Device for packaging and dispensing a product comprising a movable piston and a pump system

The present invention relates to the general field of devices for packaging and dispensing liquid or semi-liquid products.

More specifically, the invention relates to a device comprising: a container; a movable piston disposed inside the container and defining a compartment inside which the product to be dispensed is contained; and a manual pump mounted at the opposite side of the container from the dispensing member to deliver such product.

Traditionally, such devices comprise an air pump provided with a button which, together with a piston, delimits a chamber. The button is provided with an air inlet aperture communicating with said chamber. The button is made of an elastic material so as to be elastically deformable. Document JPS5199808U describes such a device.

To dispense the product contained in the container, the user closes the air inlet with one of his fingers and exerts an axial pressure inwardly on the push button. This deforms the button and increases the pressure in the chamber delimited by said button and the piston, thereby moving the piston against the product to be dispensed. Thus, the product is discharged through the dispensing member. In use, the piston is displaced stepwise along the container.

Then, after the user releases the button, said button returns by elasticity to its inactive position. Furthermore, the air inlet of the button allows the flow of intake air from the outside into the chamber delimited by the button and the piston. For more details, reference may be made, for example, to documents US 8,403,182 or US 2004/0074923.

The applicant has observed that, in particular when containing compositions having a low viscosity, residual dripping phenomena may occur even after the button has returned to the inactive position and before the closure of the dispensing member with the cap. In fact, after dispensing the composition, a small residual pressure remains in the compartment containing the composition inside it.

In practice, such devices are generally limited to dispensing high viscosity or even paste-like products, such as toothpaste.

It is a particular object of the present invention to overcome this disadvantage.

More specifically, it is an object of the present invention to provide a device comprising a movable piston and having a structure adapted to minimize such dripping phenomena even in the case of low viscosity compositions.

The present invention relates to a device for packaging and dispensing a product, the device comprising: a container; a movable piston mounted inside the container and defining a compartment containing the product; and a dispensing member mounted on the container and comprising at least one outlet orifice communicating with the compartment.

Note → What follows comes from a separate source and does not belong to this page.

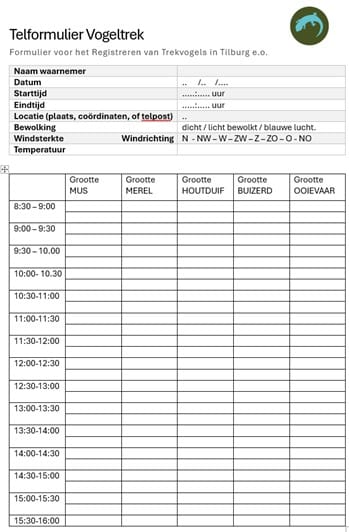 Omdat de meeste tellers niet ervaren waren werden de vogels geteld op basis van de grootte van de vogels. We onderscheiden 5 categorieën van mus tot ooievaar. Hiervoor werd gebruik gemaakt van in te vullen telformulieren zoals onderstaand voorbeeld.

According to a general feature, the device further comprises a pump system mounted on the container, axially on the opposite side to the dispensing member and comprising a push button.

The pump system is configured such that application of pressure on the button causes forward displacement of the piston inside the container towards the dispensing member, and subsequent release of the button causes rearward displacement of the piston away from the dispensing member.

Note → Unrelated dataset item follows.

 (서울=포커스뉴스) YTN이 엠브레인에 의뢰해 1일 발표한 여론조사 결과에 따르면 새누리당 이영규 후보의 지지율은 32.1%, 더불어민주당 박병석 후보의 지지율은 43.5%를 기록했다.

By arranging the pumping system such that the piston is displaced backwards after some product has been dispensed, releasing the button will cause some air to be sucked back into the compartment of the container from the dispensing member itself, similar to the "sniffing" phenomenon.

This "snuffing" action will prevent the interior of the product compartment from having some residual overpressure and will assist in returning the product in the dispensing member to the compartment interior. Such a configuration greatly limits any dripping phenomena.

In the present invention, in contrast to conventional dispensing devices in which the piston is only moved towards the dispensing member so that said piston is progressively displaced along the container, the piston of the device is moved back towards the push button after some product has been dispensed. In the present invention, the piston acts as a reciprocating piston.

In one embodiment, the button of the pump system is made of an elastically deformable material. The button and the piston may axially define a chamber separate from the compartment. The volume of the chamber is variable when the button is deformed. The variable volume chamber is not in communication with the exterior via the pump system.

"the chamber is not in communication with the outside" is understood to mean a complete and permanent lack of communication between this chamber and the outside. The pump system is free of valves on the inlet port to allow inlet flow into the chamber from the outside or to occupy an open state and a closed state to enable communication of the chamber with the outside.

The variable volume chamber remains out of communication with the exterior regardless of the position of the button. The pump system is a suction-free pump system.

According to a particular configuration, the button may comprise a sealing skirt which is engaged in leaktight manner into the container. Thus, the sealing properties between the container and the pump system are enhanced.

The pump system may further comprise a cap body mounted on the container, at least a portion of the button being movable relative to the cap body. The button may be fixed to the cap body.

In another embodiment, the pump system further comprises a push rod secured to the piston and the button is mounted to the push rod.

The pump system may further comprise a cap body mounted on the container for closing the container, the button being movable relative to the cap body. Preferably, the push rod extends through the cap body of the pump system, preferably in a leaktight manner.

In such embodiments, the button may be made of a rigid material. Thus, the button may be easily decorated, painted, and/or painted. For example, the decoration may include a logo, trademark, design, or any other lettering or distinctive mark.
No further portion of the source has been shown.